上述jstack显示有3个线程与死锁的发生有关,实际上只有"IPC Server handler 106 on 50020"(refreshNameNodeThread
线程)和"Thread-219217170"(bpThread
线程)两个线程对死锁的发生起了作用,形成的闭环等待如下图所示:
图中绿色背景节点为两个线程的启动,红色背景节点为获得锁或等待锁。上述死锁的形成涉及的锁及主要流程如下:
BPOfferService中:
private final Lock mReadLock = mReadWriteLock.readLock();
private final Lock mWriteLock = mReadWriteLock.writeLock();
BlockPoolManager中:
synchronized作用在BlockPoolManager实例上
线程1:refreshNameNodeThread
-> (0, t1)时间内获得BlockPoolManager实例上的synchronized锁,(t1, ∞)时间内等待BPOfferService读锁
线程2:bpThread
-> (0, t1)时间内获得BPOfferService读锁,(t1, ∞)时间内等待BlockPoolManager实例上的synchronized锁
线程1获得锁代码如下:
// BlockPoolManager
private void doRefreshNamenodes(
Map<String, Map<String, InetSocketAddress>> addrMap,
Map<String, Map<String, InetSocketAddress>> lifelineAddrMap)
throws IOException {
// ...
synchronized (this) {
// dosomething
}
}
线程1等锁代码如下:
// BPOfferService
String getBlockPoolId(boolean quiet) {
// ...
readLock();
// ...
}
线程2获得锁代码如下:
// BPOfferService
void verifyAndSetNamespaceInfo(BPServiceActor actor, NamespaceInfo nsInfo)
throws IOException {
writeLock();
// ...
}
线程2等待锁代码如下:
// BlockPoolManager
synchronized void addBlockPool(BPOfferService bpos) {
// dosomething
}
虽然有synchronized、readLock、writeLock参与,由于读锁与写锁之间仍然互斥,上述仍然形成头尾相接的循环等待资源关系,造成死锁。
解决方式
避免死锁的办法就是打破死锁形成的任一必要条件,常见的一种方式为打破环形等待资源的关系,这里列举该方式的两点实现方案:
- 减少锁范围,尽可能只锁必要的资源。如,对于
synchronized method(){}
的方法,确定在该方法没必要锁的资源可以不加锁,改成method(){ synchronized {} }
只锁必要资源。 - 错开两个线程获得锁的时间。在线程1释放锁后,再让第二个线程进入获得锁的逻辑。

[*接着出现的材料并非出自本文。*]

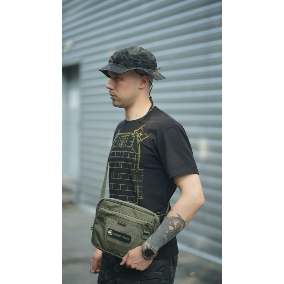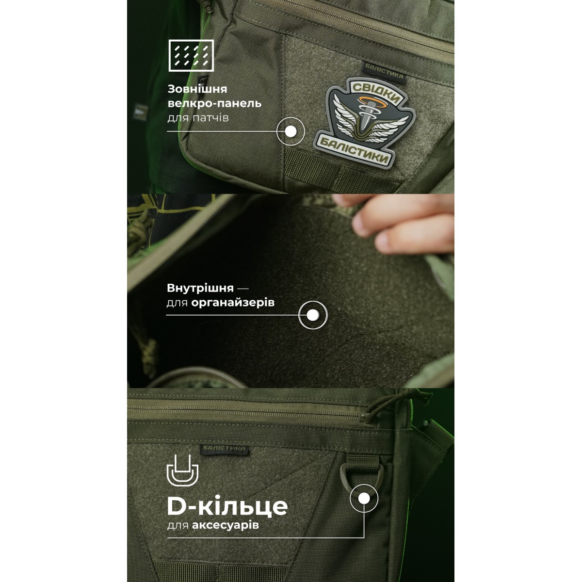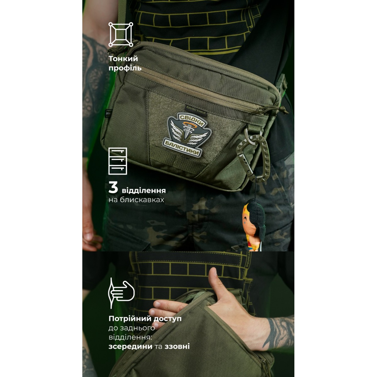 Компактна сумка через плече для щоденного носіння ✅ Ключові переваги Три відділення на блискавках для зручної організації речей Регульований ремінець із фастексом Потрійний доступ до заднього відділення Прозора кишеня з 2D-сітки Тренчик з карабіном для ключів Еластична манжета для мультитулів, ножів або ліхтариків Внутрішня велкро-панель для знімних органайзерів чи кобури Зовнішня велкро-панель для патчів D-кільце для підвісу аксесуарів Опис товару Тонка і легка сумка «Ташка» підійде для активних пересувань та перенесення найнеобхідніших дрібних речей. Складається з трьох відділень на блискавках. У передньому (27,5×20 см) є дві відкриті кишені (по 13×10 см). Також тут вшитий тренчик із карабіном – для кріплення ключів, перепусток тощо. Середнє, об’ємне відділення (27,5×21,5×3 см) оснащене прозорою кишенею (26×20 см) з 2D-сітки на передній стінці. Відділення замикається блискавкою з двома бігунками. ✔️ Над сітчастою кишенею розташована еластична манжета, у яку можна вкласти мультитул, складний ніж, ліхтарик або турнікет. ✔️ На задній стінці нашита велкро-панель (25,5×15,5 см), призначена для знімних органайзерів, кобур або тримачів, наприклад під газовий балончик. ✔️ Над панеллю вміщена блискавка, яка відкриває заднє відділення. Заднє відділення (26,5×21 см) зовні по краях оснащене ще двома вертикальними блискавками. Подвійний зовнішній доступ дає змогу швидко і легко діставати потрібні речі однією рукою (скажімо, телефон), навіть сидячи за кермом. ✔️ Сумка доповнена ремінцем зі стропи, який вшитий у бокові «крильця» під кутом – для зручнішого носіння через плече. Ремінець обладнаний фастексом для швидкого зняття та регулюється за довжиною. ✔️ На фасаді розміщена фігурна велкро-панель (17×9 см) для патчів і D-кільце для підвішування аксесуарів, брелоків. ✔️ Під велкро-панеллю розміщені дві чарунки моллі як додаткові кріплення. ❓ Часті запитання Чи підходить сумка для щоденного використання? Так, сумка чудово підходить для міста та повсякденних поїздок завдяки своїй компактності та функціональним відділенням. Навіщо у задньому відділенні три блискавки? Це дає змогу отримати доступ до вмісту з будь-якого положення. Водночас парні зовнішні блискавки дозволяють діставати необхідну річ «зручною» рукою. Як доглядати за сумкою? Її можна протирати вологою тканиною або м’якою губкою. Для глибшого очищення використовуйте воду та безфосфатний порошок, але уникайте агресивних хімічних засобів, щоб не пошкодити матеріал.Відгуки про Сумка через плече "Ташка" (Олива) ТМ Балістика

这里将以上述的后者来解决本文的死锁问题。死锁的发生一般概率较低,想通过反复跑测试的办法来复现死锁几乎不可能。想要复现死锁,我们需要控制线程获得锁的时机。即要保证(0, t1)
时间内,线程1和线程2均已获得且只获得了该线程的第一把锁,(t1, ∞)
时间内想要获得各自的第二把锁。我们可以有以下有段来控制线程获得锁发生的时序:
CountDownLatch
CyclicBarrier
Thread.sleep
- …
如CyclicBarrier,它可以实现让一组线程等待至某个状态之后再全部同时执行。在本问题中,某个状态指的就是线程1和线程2各自获得了自己的第一把锁。如下:
// ...
CyclicBarrier barrier = new CyclicBarrier(2);
public void delayWhenHoldLock() {
try {
barrier.await();
} catch (Exception e) {
e.printStackTrace();
}
}
在线程1和线程2获得第二把锁前调用delayWhenHoldLock()
方法即可。当然,使用CyclicBarrier,在有死锁的情况下能完全复现死锁,当没有死锁时,可能会有一个线程一直await()的情况。为了能复现死锁,且修复后又能跑通测试,本文使用Thread.sleep
作为最终测试。为了错开两个线程获得锁的时间,第二个线程(bpThread)的启动被调整到第一个线程释放读锁之后再启动,修复后的流程图如下:
上述改动,在修复前复现死锁,修复后测试跑通。符合预期。这个给出整个调试过程中需要注意的点:
- 在HDFS中,通过启动
MiniDFSCluster
来模拟集群,通过DataNodeFaultInjector
类注入一个仅仅在测试时才生效的故障,对开发者十分友好,要善于利用。 - 在复现死锁时,要注意两个线程等锁的对象分别是对方已持有的。如果只是两个同名的实例,则不会复现死锁。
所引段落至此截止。